Yo no me considero una persona cotilla, pero he de confesar que la vida de mi compañera de asiento me pareció de lo más interesante. Yo había venido a cortarme el pelo y de pronto estaba asistiendo a un podcast gratuito sobre las infidelidades, el amor por los hijos y los problemas de casarte joven. Su peluquero asentía sin interés alguno a todo lo que decía, supongo que no era la primera vez que le contaba su vida. La verdad es que esta gente tiene el cielo ganado. La señora de detrás se quejaba de su gato y lo poco que comía últimamente. Observé cómo el resto de señoras se desahogaban a mi alrededor. Los peluqueros, por su parte, aportaban todo tipo de respuestas: opinaban de política, de sociedad, de cultura… expertos todos en un poco de todo y mucho de nada.

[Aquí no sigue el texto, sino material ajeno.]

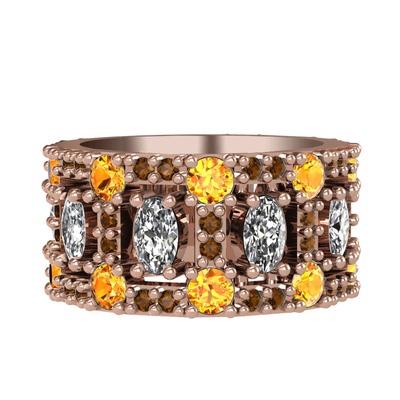 Beyaz zirkon, sitrin ve dumanlı kuvars 14 ayar rose altın yüzük
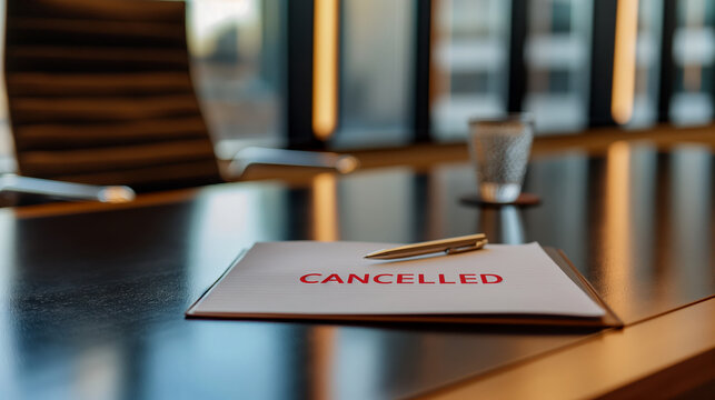 Cancelled Meeting Notice on Office Desk with Pen and Coffee in Corporate Environment

Mi peluquera volvió a insistir, parecía molesta por no poder sacar nada relevante sobre mí. “Entonces, ¿no vives por la zona?” Le respondí que vivía en el extranjero. Vi a través del espejo como sus ojos brillaban satisfechos. “¿En dónde?” Le dije que en Portugal (cuanto más genérica sea la información, mejor). Al comprobar que no había en donde rascar, procedió a rellenar ella los silencios. Resultó que tuvo un novio portugués que conoció en un vuelo a Lisboa. Su familia es una de las mayores fortunas de Portugal, pero lo terminaron dejando por sus problemas con la droga. Ahora estaba en uno de esos centros de rehabilitación cinco estrellas a los que acuden los famosos.
“Seguimos en contacto todavía, solo que nunca me ha perdonado lo de Hong Kong”. Se conoce que ella se mudó por trabajo a China y él le puso en contacto con su primo que vivía ahí. Terminó liada con el primo y con casa gratis. Ella compartía todo esto con una trasparencia aplastante. “No me acosté con él la primera noche ¿eh? Pero claro, ya la segunda… pues sí”. Yo asentía absorta en la historia. De pronto habíamos cambiado los papeles y ella era la paciente y yo su terapeuta. Al terminar de secarme el pelo, me acompañó a la recepción. Me cobraron el doble que en cualquier otro sitio, en ese momento me pregunté si era yo la que debía de cobrar por aquella sesión. “Ahora tengo otro novio, es marroquí” me dijo antes de despedirse. Me puso la chaqueta y salí de la peluquería pensativa. Supongo que los peluqueros están tan acostumbrados a escuchar, que a veces se nos olvida que ellos también tienen cosas que contar. Y vaya que si las tienen. A mí me ha dado para una postal.